START DATA PROVIDED
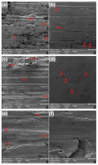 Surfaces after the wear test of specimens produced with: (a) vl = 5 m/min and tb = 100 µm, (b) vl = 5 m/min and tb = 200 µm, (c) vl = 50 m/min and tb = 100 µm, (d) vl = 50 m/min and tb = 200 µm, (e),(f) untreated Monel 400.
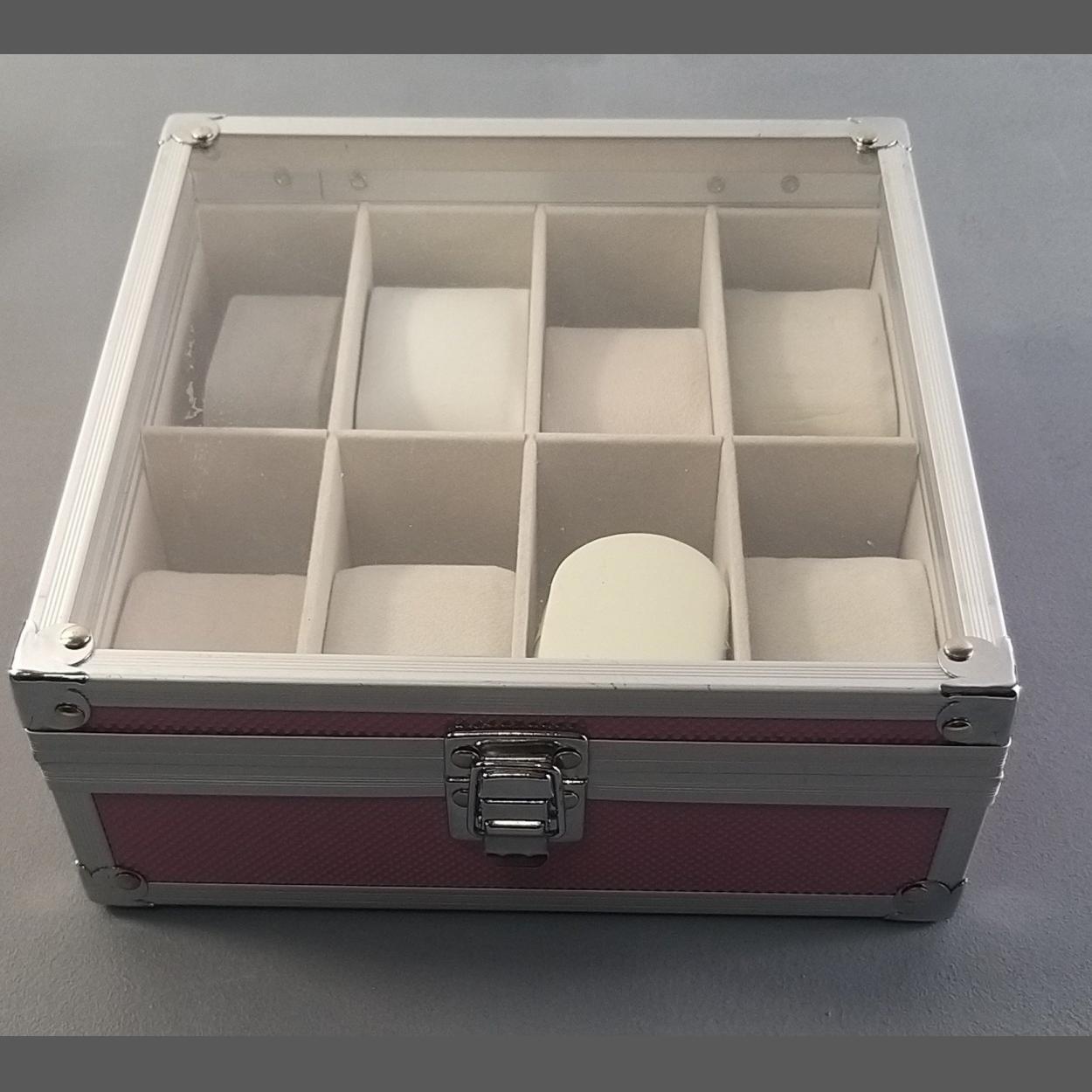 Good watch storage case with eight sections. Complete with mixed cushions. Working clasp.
END DATA PROVIDED
START DATA PROVIDED
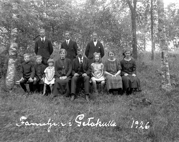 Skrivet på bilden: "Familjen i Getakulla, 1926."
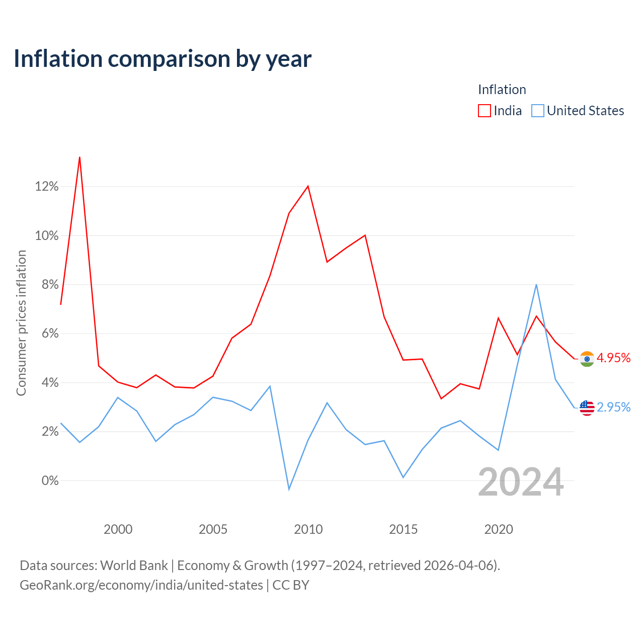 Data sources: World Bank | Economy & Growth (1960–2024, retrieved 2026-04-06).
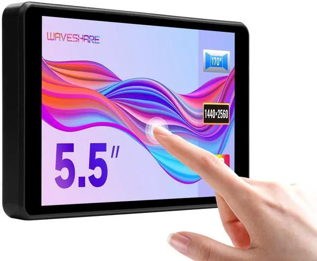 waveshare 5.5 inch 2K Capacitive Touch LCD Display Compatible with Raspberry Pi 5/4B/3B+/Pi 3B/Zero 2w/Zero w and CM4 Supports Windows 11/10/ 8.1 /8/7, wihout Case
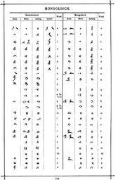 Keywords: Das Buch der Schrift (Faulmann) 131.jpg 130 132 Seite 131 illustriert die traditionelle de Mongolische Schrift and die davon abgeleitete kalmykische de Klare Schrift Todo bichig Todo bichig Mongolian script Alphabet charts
END DATA PROVIDED
**ACTION ITEM:**
Beginning at the line above that contains "Data sources: World", repeat each line exactly through the one that contains "waveshare 5.5 inch", and leave out the pictures.

**RESPONSE BELOW:**
 Data sources: World Bank | Economy & Growth (1960–2024, retrieved 2026-04-06).
 waveshare 5.5 inch 2K Capacitive Touch LCD Display Compatible with Raspberry Pi 5/4B/3B+/Pi 3B/Zero 2w/Zero w and CM4 Supports Windows 11/10/ 8.1 /8/7, wihout Case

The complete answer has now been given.